## WORK TO BE COMPLETED
In the entries below, repeat only the lines between those holding "Решение № 51" and "Unisex Polar Dik Yaka Sweatshirt Siyah 2051", inclusive. Leave pictures out.

## EXTRACTED MATERIAL
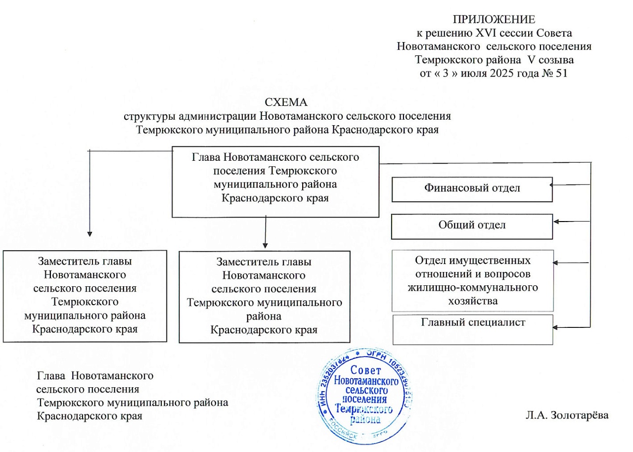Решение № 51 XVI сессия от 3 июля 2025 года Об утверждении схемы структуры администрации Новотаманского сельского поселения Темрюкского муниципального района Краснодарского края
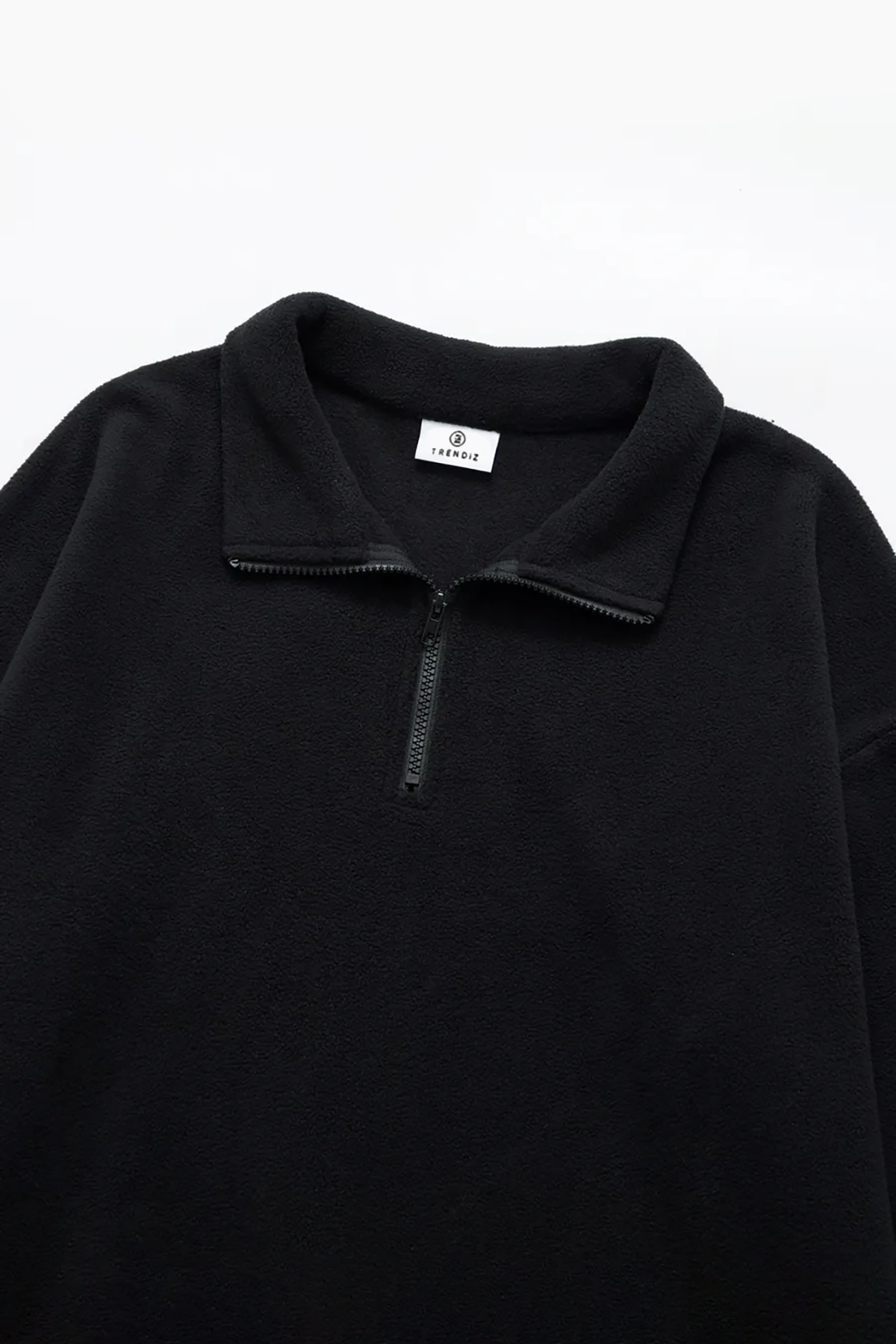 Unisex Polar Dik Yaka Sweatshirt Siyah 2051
---
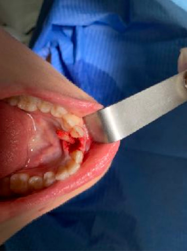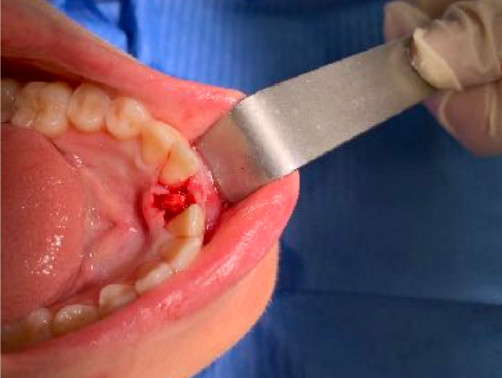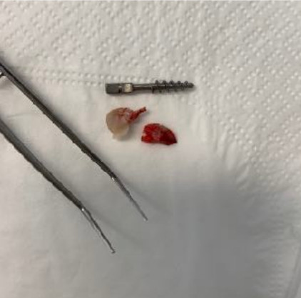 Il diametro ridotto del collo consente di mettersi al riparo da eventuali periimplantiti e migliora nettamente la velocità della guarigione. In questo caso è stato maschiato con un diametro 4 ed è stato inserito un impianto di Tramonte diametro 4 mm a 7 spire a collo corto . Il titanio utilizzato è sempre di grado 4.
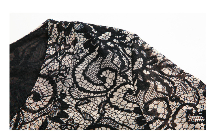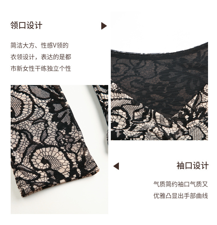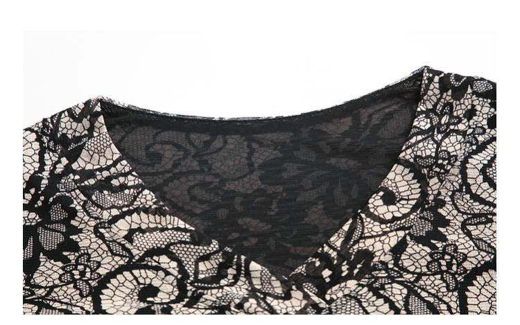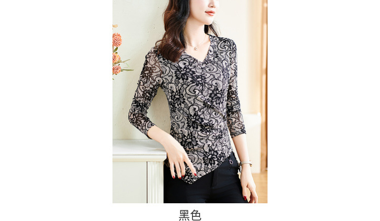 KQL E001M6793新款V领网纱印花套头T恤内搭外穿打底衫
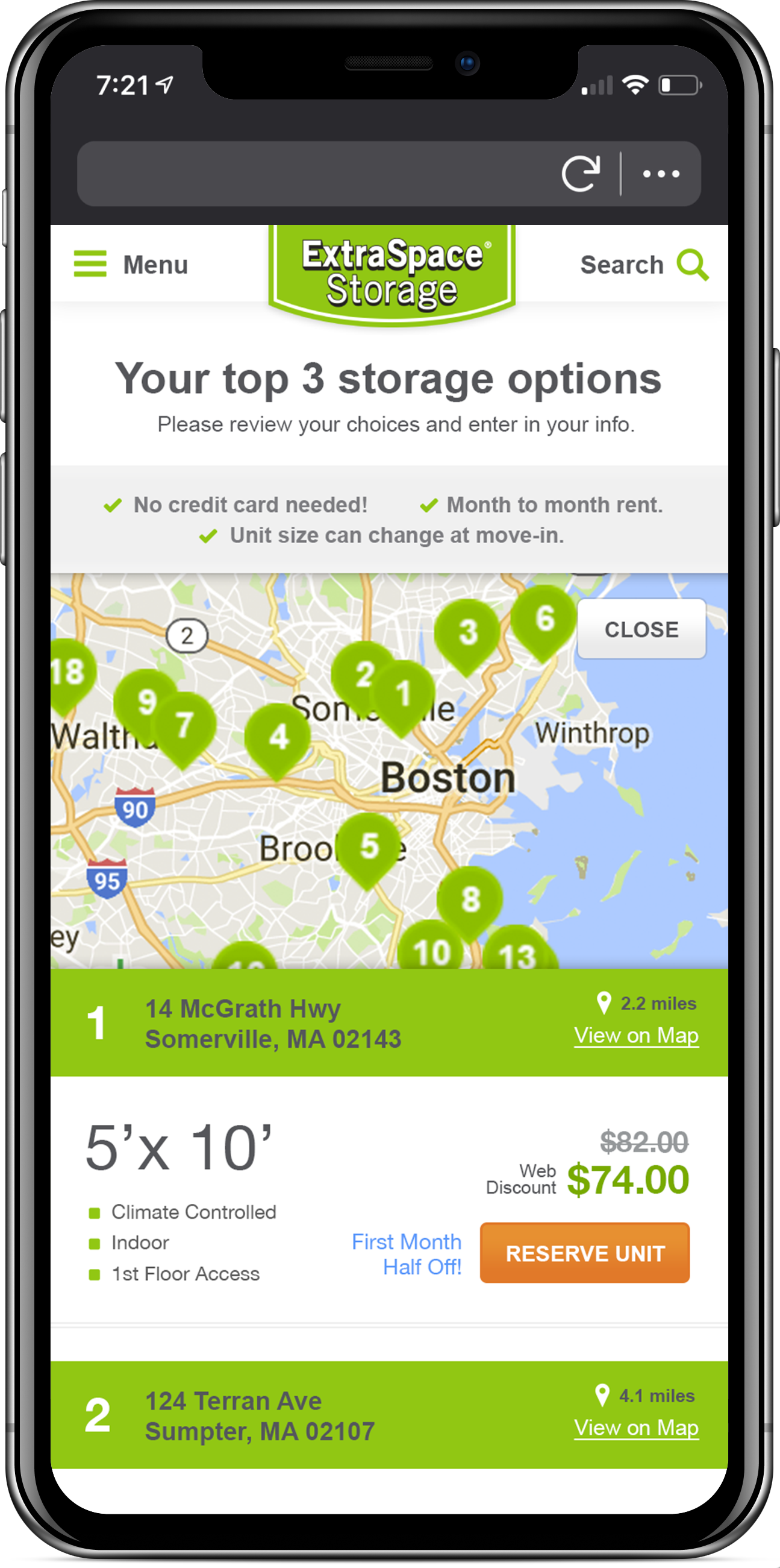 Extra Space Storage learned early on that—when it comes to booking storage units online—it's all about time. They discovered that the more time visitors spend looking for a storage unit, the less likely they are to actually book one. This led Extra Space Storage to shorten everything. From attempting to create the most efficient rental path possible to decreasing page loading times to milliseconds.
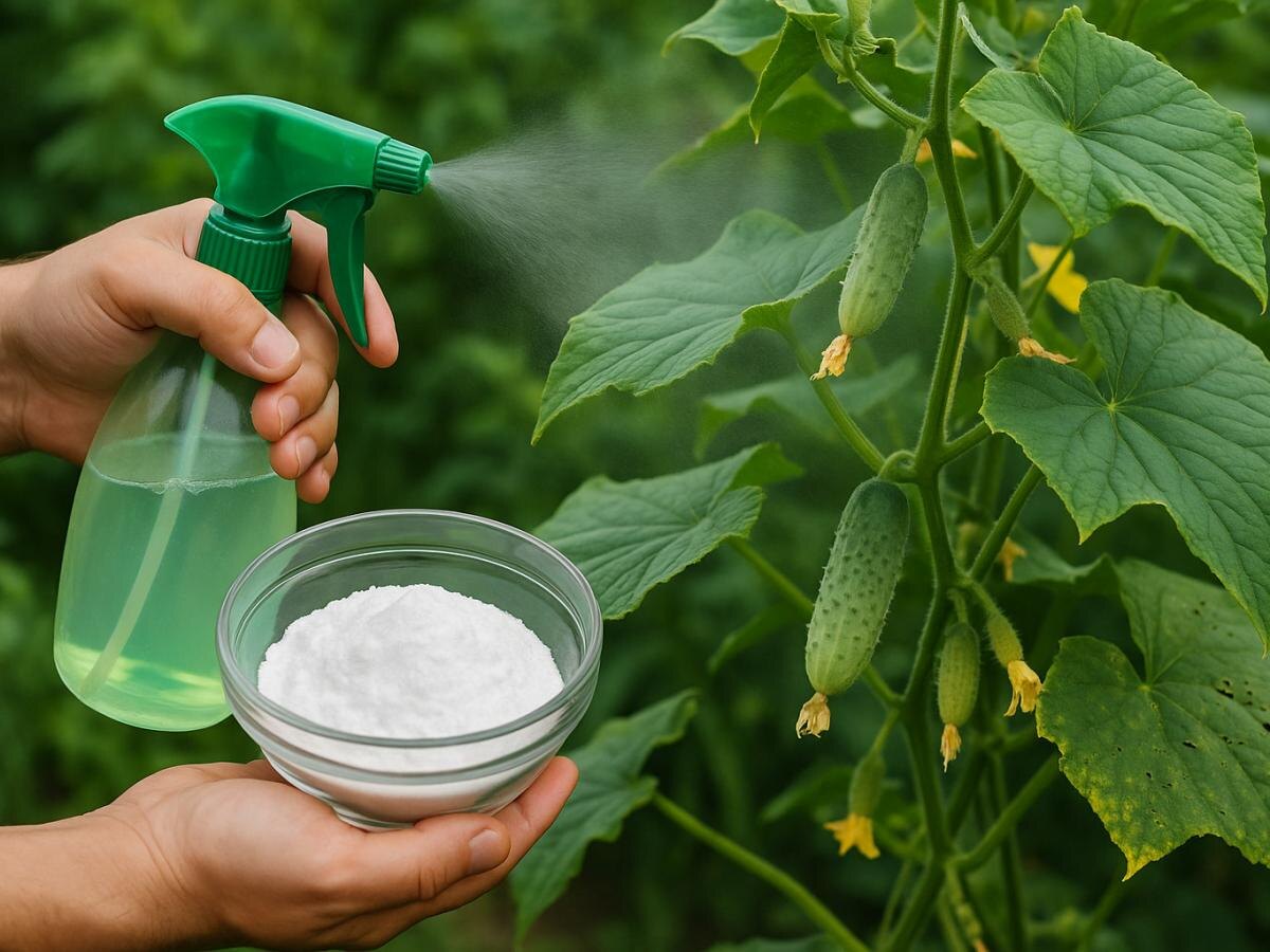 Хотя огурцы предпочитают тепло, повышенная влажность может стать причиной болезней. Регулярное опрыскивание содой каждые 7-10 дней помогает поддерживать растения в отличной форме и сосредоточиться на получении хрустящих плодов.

## EXERCISE ANSWER
Решение № 51 XVI сессия от 3 июля 2025 года Об утверждении схемы структуры администрации Новотаманского сельского поселения Темрюкского муниципального района Краснодарского края
 Unisex Polar Dik Yaka Sweatshirt Siyah 2051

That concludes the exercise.